Surpassing legacy approaches to PWR core reload optimization with single-objective Reinforcement learning

Optimizing the fuel cycle cost through the optimization of nuclear reactor core loading patterns involves multiple objectives and constraints, leading to a vast number of candidate solutions that cannot be explicitly solved. To advance the state-of-the-art in core reload patterns, we have developed methods based on Deep Reinforcement Learning (DRL) for both single- and multi-objective optimization. Our previous research has laid the groundwork for these approaches and demonstrated their ability to discover high-quality patterns within a reasonable time frame. On the other hand, stochastic optimization (SO) approaches are commonly used in the literature, but there is no rigorous explanation that shows which approach is better in which scenario. In this paper, we demonstrate the advantage of our RL-based approach, specifically using Proximal Policy Optimization (PPO), against the most commonly used SO-based methods: Genetic Algorithm (GA), Parallel Simulated Annealing (PSA) with mixing of states, and Tabu Search (TS), as well as an ensemble-based method, Prioritized Replay Evolutionary and Swarm Algorithm (PESA). We found that the LP scenarios derived in this paper are amenable to a global search to identify promising research directions rapidly, but then need to transition into a local search to exploit these directions efficiently and prevent getting stuck in local optima. PPO adapts its search capability via a policy with learnable weights, allowing it to function as both a global and local search method. Subsequently, we compared all algorithms against PPO in long runs, which exacerbated the differences seen in the shorter cases. Overall, the work demonstrates the statistical superiority of PPO compared to the other considered algorithms.

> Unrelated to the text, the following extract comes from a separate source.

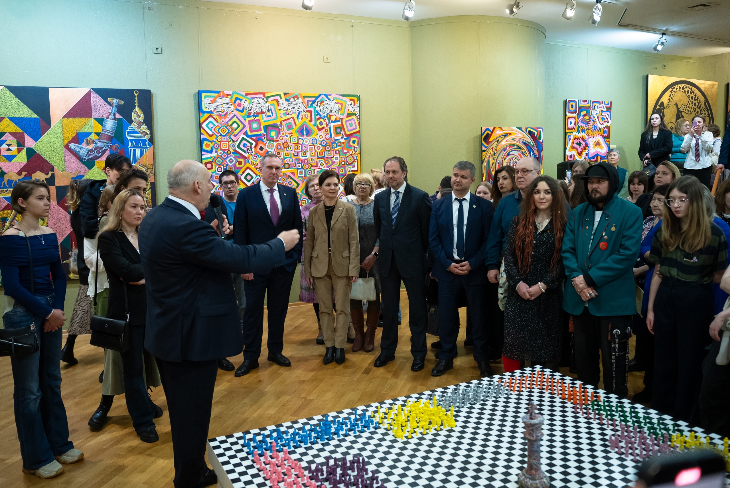 На открытии новой выставки гостей приветствовал глава региона Руслан Кухарук: «Сегодня мы вспоминаем и говорим слова благодарности тем людям, которые создавали этот музей. Он архитектурно прекрасен и располагается в центральной части нашего города, но самое главное - это то наследие, которое бережно хранят сотрудники, работающие в музее сейчас. И не просто хранят, а показывают все то, что было создано великими людьми в мировой художественной культуре. Приятно, что музей постоянно развивается, он отвечает на запрос текущего времени. Мы видим и экспозиции, которые опережают время. Я встречался в музее с теми, кто является двигателем креативных индустрий и создает интересный, уникальный творческий продукт, который, являясь настоящим искусством, влияет и на развитие экономики региона и страны. Нам повезло, что в соседнем с нами регионе есть художник – родоначальник нового направления. То, что мы видим, то, что нас окружает сейчас в залах музея, конечно, очень уникальные и завораживающие произведения. Образы в инсталляциях связывают прошлое, настоящее и будущее. С этой выставки начинается 15 сезон музея, и именно эта выставка продолжает нашу программу, которую мы запустили совестно с Ямало-Ненецким автономным округом и Тюменской областью в рамках культурного обмена. Я всех поздравляю с началом нового сезона».
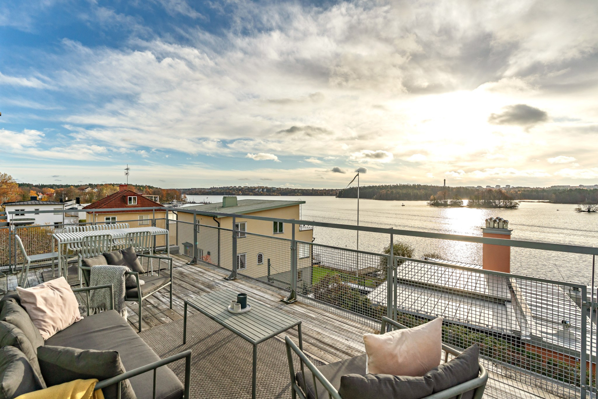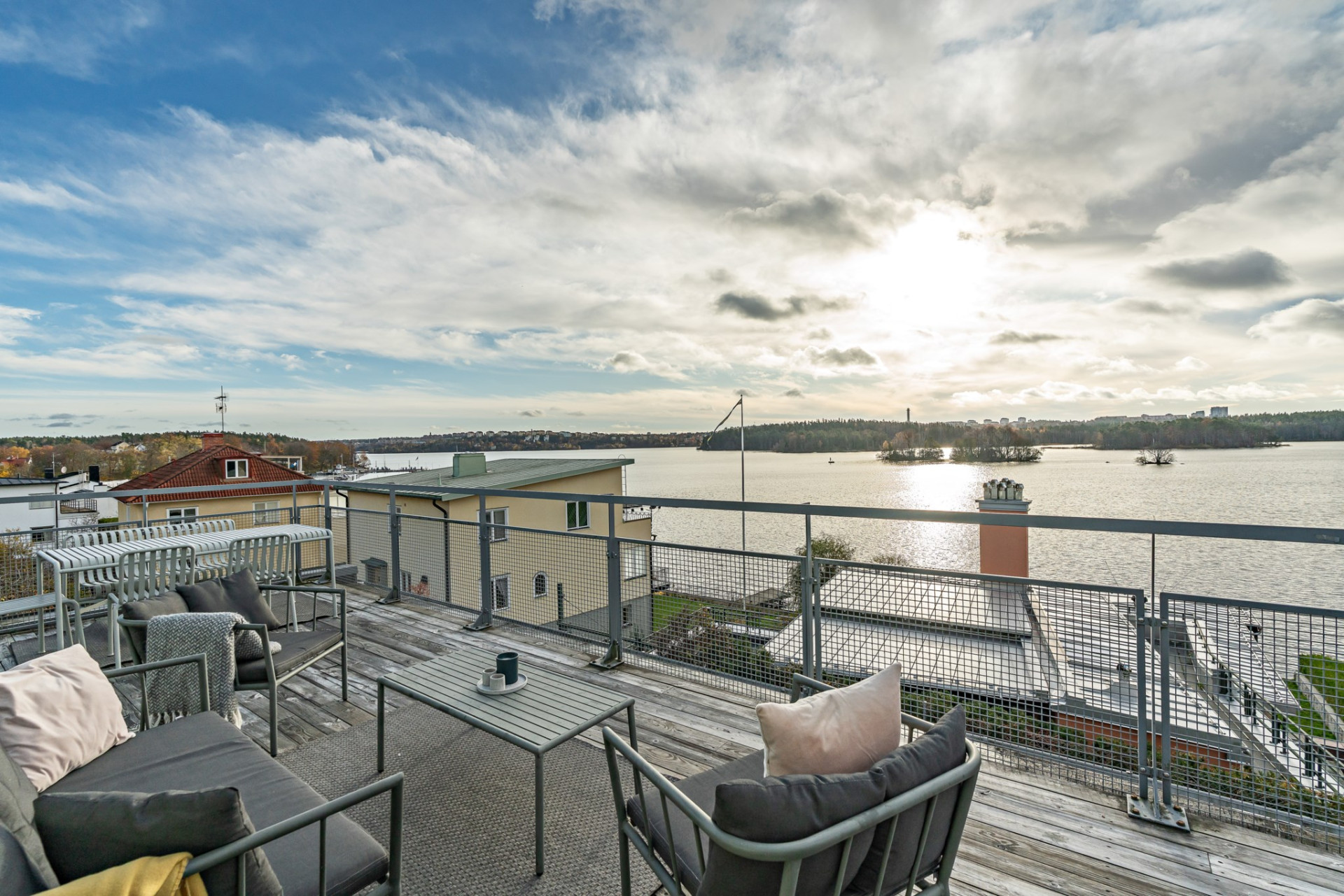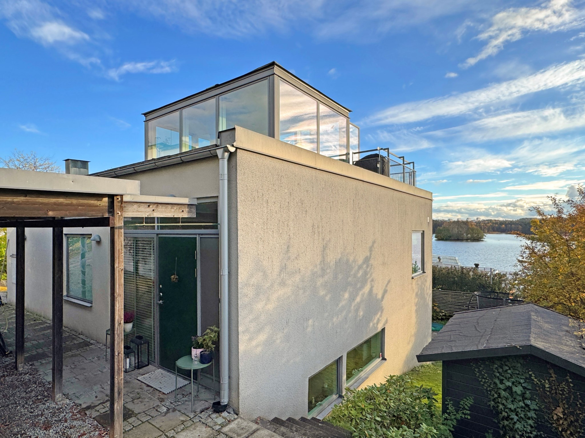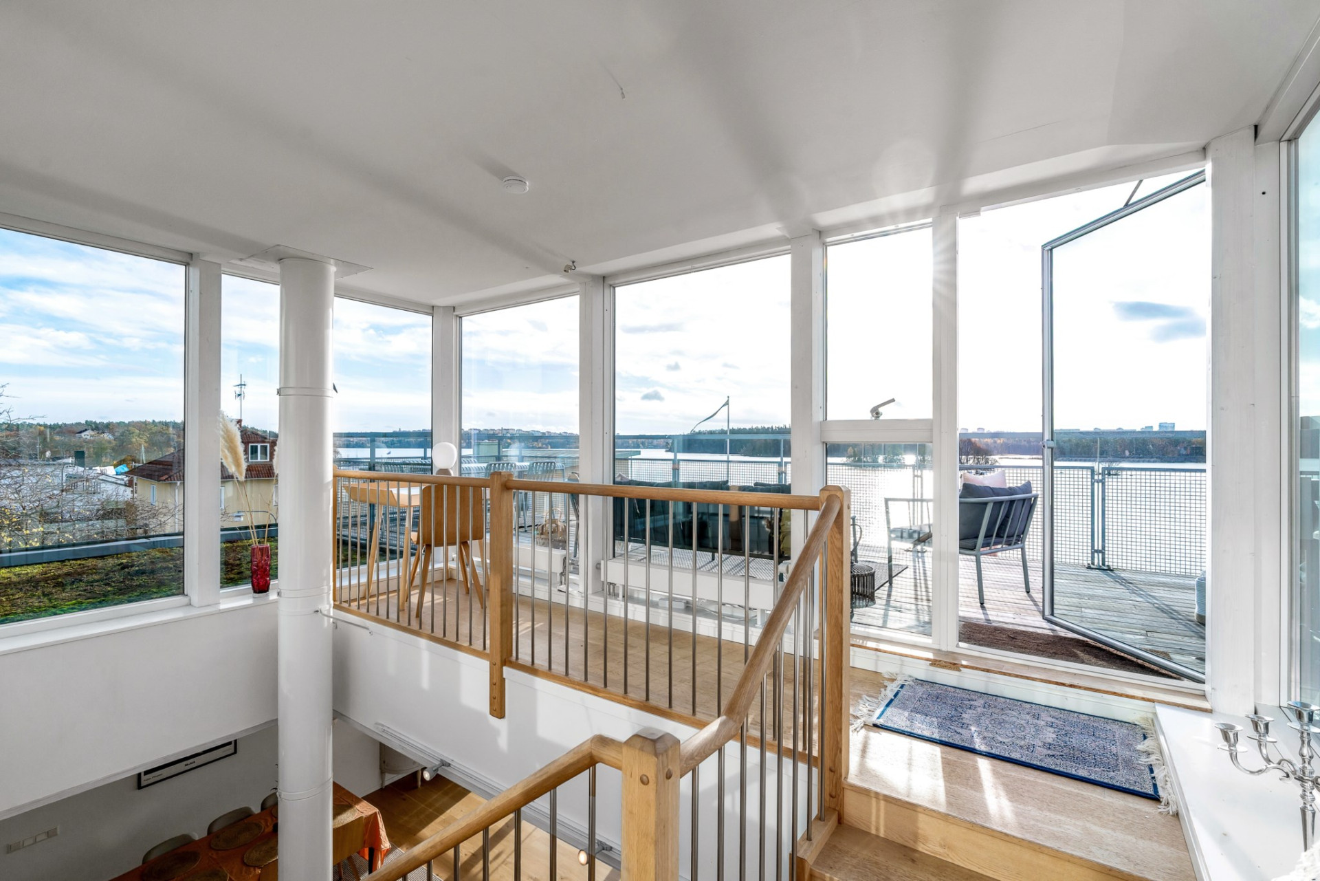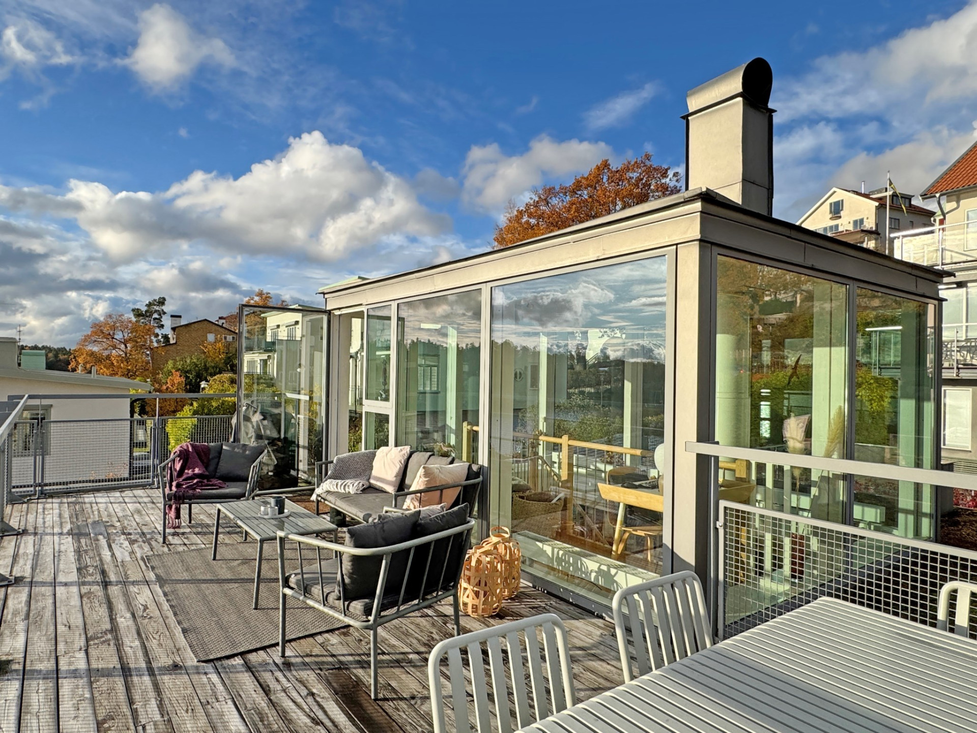 Ektrappan leder upp till lanterninen med glaspartier från golv till tak i alla väderstreck. Här finns det plats för växter, en liten arbetsplats och ett par stolar där man kan avnjuta sjöutsikten de dagar då vädret inte tillåter att man går ut på den väl tilltagna takterrassen på 26 kvm, med den svårslagna utsikten över Mälarens glittrande vatten.

翻译：通过优化核反应堆堆芯装载模式来降低燃料循环成本涉及多目标与多约束条件，导致候选解空间巨大而无法显式求解。为推进堆芯换料模式的前沿研究，我们开发了基于深度强化学习（DRL）的单目标与多目标优化方法。先前研究已为这些方法奠定基础，并证明其能在合理时间内发现高质量装载模式。另一方面，随机优化（SO）方法在文献中广泛应用，但缺乏严格理论说明何种场景下何种方法更具优势。本文通过对比实验，证明了基于强化学习的方法（特别是使用近端策略优化算法PPO）相对于最常用的SO方法——遗传算法（GA）、带状态混合的并行模拟退火算法（PSA）、禁忌搜索（TS）以及基于集成学习的优先回放进化群算法（PESA）——的优越性。研究发现，本文推导的装载模式场景适合通过全局搜索快速定位有潜力的研究方向，但随后需转入局部搜索以高效利用这些方向并避免陷入局部最优。PPO通过具有可学习权重的策略自适应调整搜索能力，使其能同时承担全局与局部搜索功能。通过延长运行时间的对比实验，各算法与PPO的差异进一步凸显。总体而言，本工作从统计学角度证明了PPO相较于其他对比算法的显著优势。